Mateusz Opyrchal scite author profile

Background-Intra-tumor heterogeneity implies that sub-populations of cancer cells that differ in genetic, phenotypic, or behavioral characteristics coexist in a single tumor 1,2. Tumor heterogeneity drives progression, metastasis and treatment resistance, but its relationship with tumor infiltrating immune cells is a matter of debate where some argue that tumors with high heterogeneity may generate neo-antigens that attract immune cells, and the others claim that immune cells provide selection pressure that shapes tumor heterogeneity 3,4. Here we sought to study the association between tumor heterogeneity and immune cells in a real-world cohort utilizing The Cancer Genome Atlas (TCGA).
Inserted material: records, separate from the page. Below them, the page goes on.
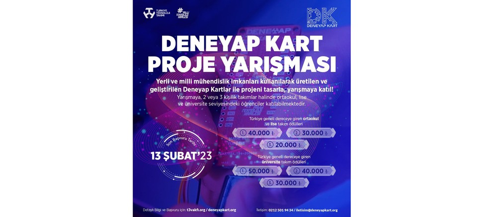 Teknoloji geliştiren bir Türkiye hedefiyle çalışmalarını titizlikle sürdüren Türkiye Teknoloji Takımı Vakfı yeni bir projeyi daha hayata geçirdi. Katma değeri yüksek, yerli ve milli olarak üretilen Deneyap Kart ile “DeneYap Kart Proje Yarışması” düzenleyen T3 Vakfı yetenekli gençleri bir araya getirecek. Düzenlenen yarışmaya gençler sadece Deneyap Kartlarla (Deneyap Kart/Deneyap Kart 1A/Deneyap Kart Mini) geliştirdikleri projelerle katılabilecek. 2-3 kişilik takımlar halinde katılım yapılabilen yarışmanın son başvuru tarihi ise 13 Şubat 2023.
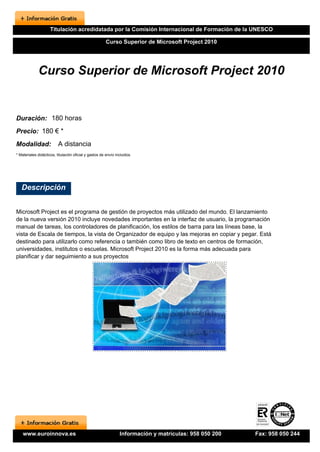 El documento describe un curso superior de Microsoft Project 2010 de 180 horas de duración. El curso enseña el uso avanzado del programa de gestión de proyectos Microsoft Project 2010 y cómo planificar y dar seguimiento a proyectos. El curso incluye materiales didácticos como un manual, cuaderno de ejercicios y CD multimedia. Al completar el curso con éxito, los estudiantes reciben una titulación acreditada por la UNESCO.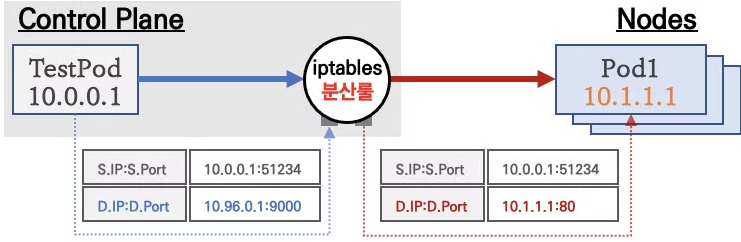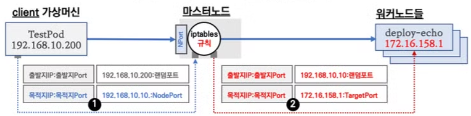 2. 마스터 노드의 iptables 에 등록된 NAT 룰에 따라 목적지의 대상 IP/Port가 변환된다.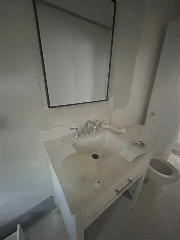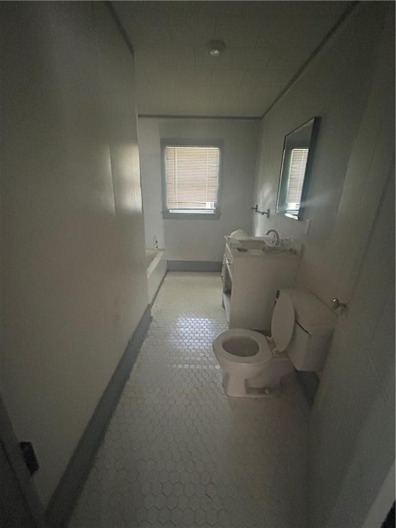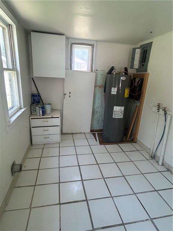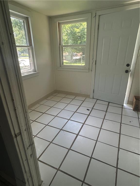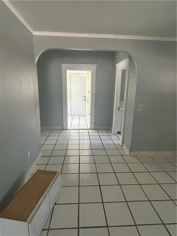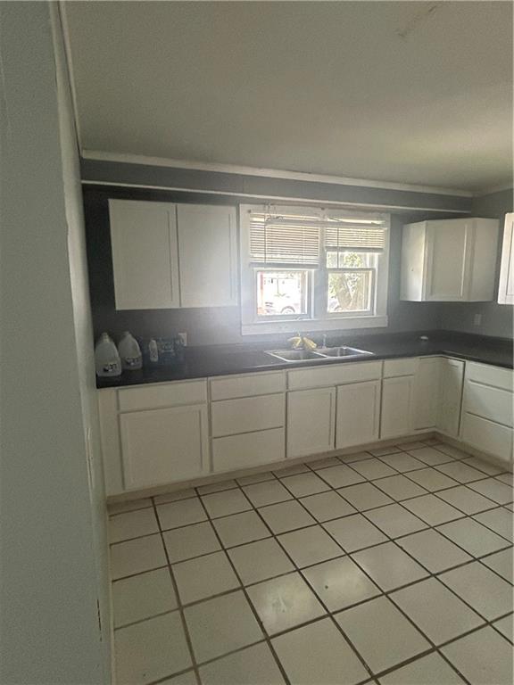 Kitchen with white cabinetry, dark countertops, and light tile patterned floors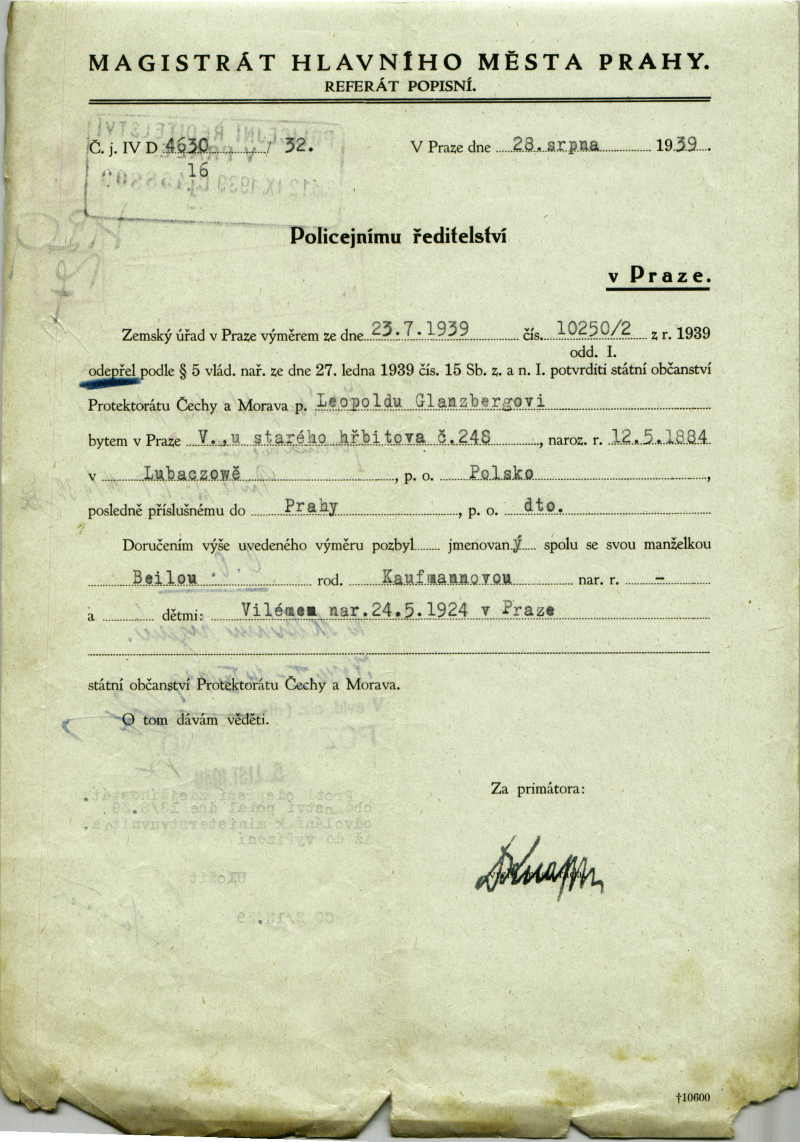 National archives Prague > Police Directorate Prague > 1931-1940 > G > Glanzberg Leopold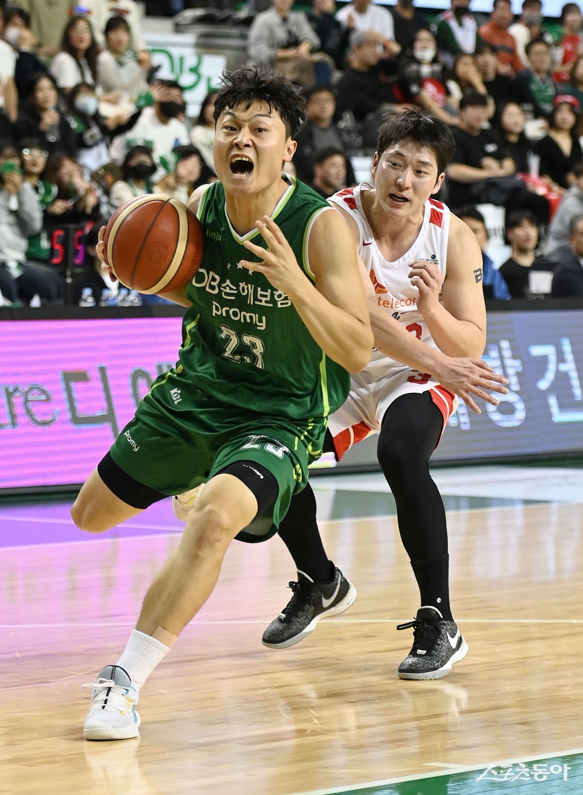12일 원주종합체육관에서 열린 ‘2023-2024 프로농구’ 원주 DB와 서울 SK 경기에서 DB 박인웅이 SK의 수비를 뚫고 골밑을 공격하고 있다. 원주 | 김종원 기자 won@donga.com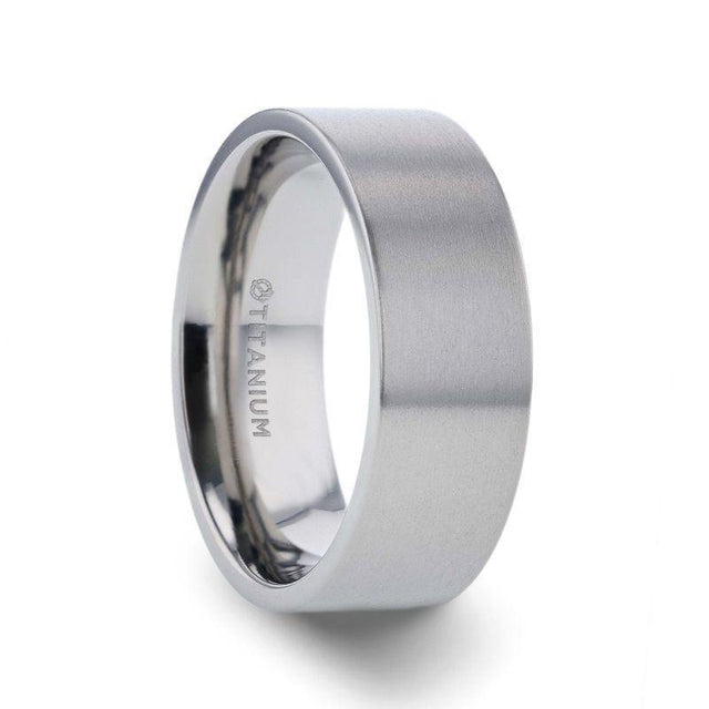 SOLAR Flat Profile Brushed Finish Mens Titanium Wedding Band - 6mm & 8mm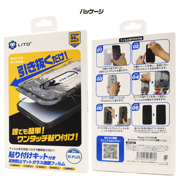 簡単貼り付け 反射防止 ガラスフィルム iPhone15Pro用 マットガラス ズレない 綺麗に貼れる 貼り付けキット付き 保護フィルム 保護シール 傷防止 保護シート 保護シート キズ防止 飛散防止 液晶保護シール 液晶画面保護 汚れ防止 スマホ保護フィルム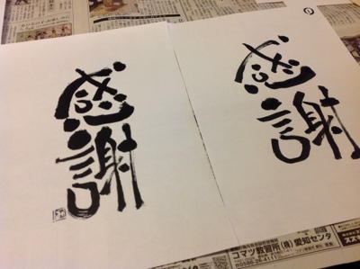感謝、という見本を選んで挑戦です!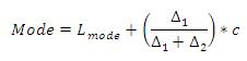 Where, Lmode is the lower limit of the modal class, Δ1 is the frequency difference between the modal class and the next class, Δ2 is the frequency difference between the modal class and the class before the modal class.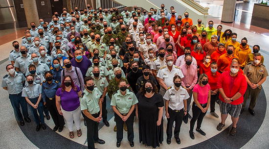 La Saison de la Fierté et la Semaine de la Fierté à la fonction publique sont des moments importants pour nous rappeler notre engagement à créer un espace plus sûr et positif en nous soutenant mutuellement et en célébrant la diversité au Canada et dans l’Équipe de la Défense. Ainsi, au cours de cette dernière semaine, divers événements ont eu lieu partout au pays pour promouvoir et renforcer la diversité, l’inclusion et la fierté des communautés LGBTQ2+ dans la fonction publique fédérale et parmi les militaires actifs. Notamment, durant la levée du drapeau de la Fierté au QGDN Carling, nous avons mis en valeur la solide relation civilo-militaire unique au MDN et aux FAC et reflétée dans l’Organisation consultative de la Fierté de l’Équipe de la Défense (OCFED) en formant un arc-en-ciel humain!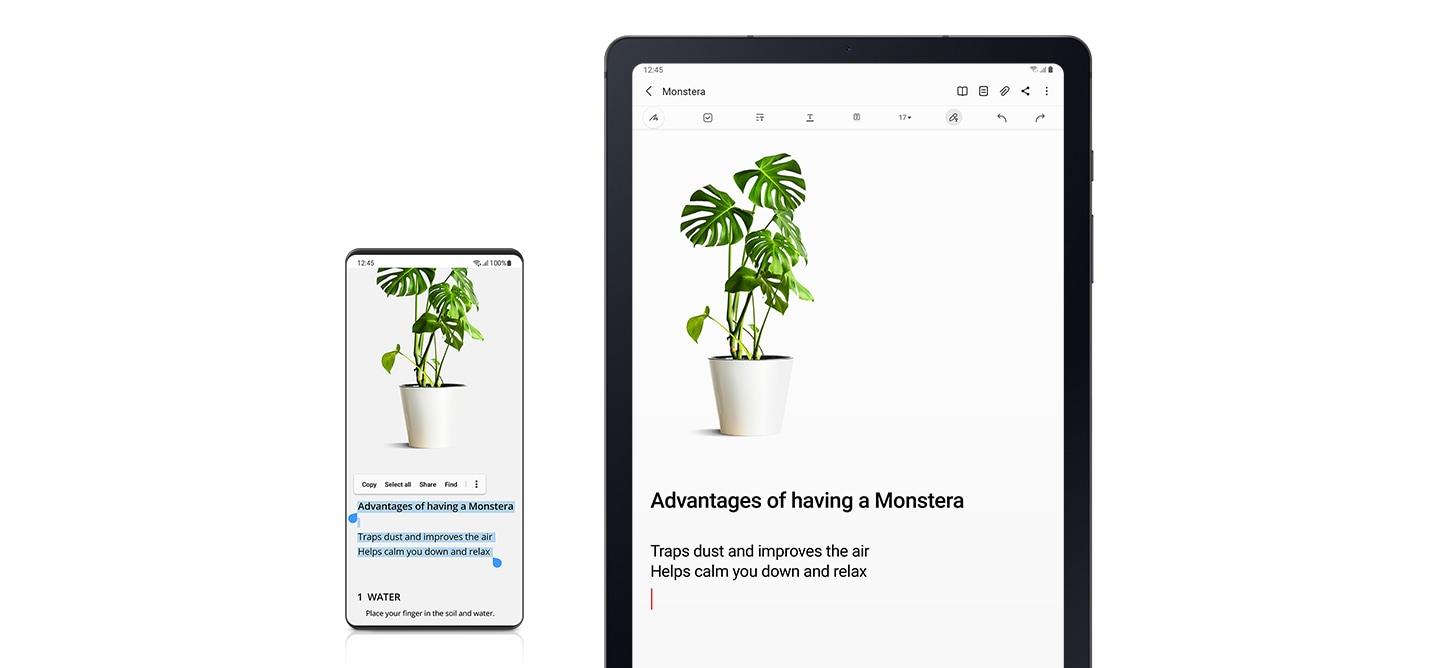 Seamlessly work across devices. You can copy text or an image from your phone and paste it on your tablet, and vice versa. Or write a note to self in Samsung Notes or browse on Samsung Internet from your tablet, and open those apps in your phone to pick up where you left off.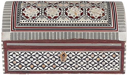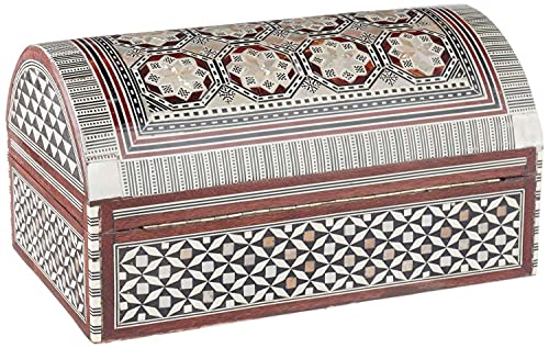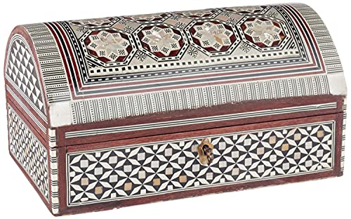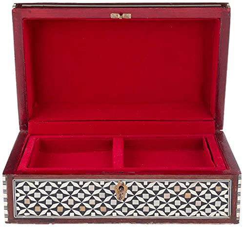 JAZZEEL - JAZZEEL Decorative Wood and Seashell Jewelry Box 25 cm Handcrafted Keepsake Storage Organizer with Intricate Inlay Design for Trinkets and Treasures Multi Color Rectangular Chest

Methods-Mutant Allele Tumor Heterogeneity (MATH) was calculated to estimate intra-tumoral heterogeneity, and immune cell compositions were estimated by CIBERSORT. Survival analyses were demonstrated by Kaplan Meir curves. Results-Tumors with high heterogeneity (High MATH) associated with worse overall survival (p=0.049) as well as ER+ (p=0.011) and non-triple negative tumors (p=0.01). High MATH tumors associated with less infiltration of anti-tumor CD8 (p<0.013) and CD4 T cells (p<0.00024), more tumor promoting regulatory T cells (p<4e-04), lower expression of T cell exhaustion markers; PDL-1 (p=0.0031), IDO2 (p=0.34), ADORA2A (p=0.018), VISTA (p=0.00013), and CCR4 (p<0.00001), lower expression of cytolytic enzymes granzyme-A (p=0.0056) and perforin 1 (p=0.053) as well as low cytolytic activity score (p=0.0028). Conclusions-High heterogeneity tumors are associated with less immune cell infiltration, less activation of the immune response, and worse survival in breast cancer. Our results support the notion that tumor heterogeneity is shaped by selection pressure of tumor infiltrating immune cells.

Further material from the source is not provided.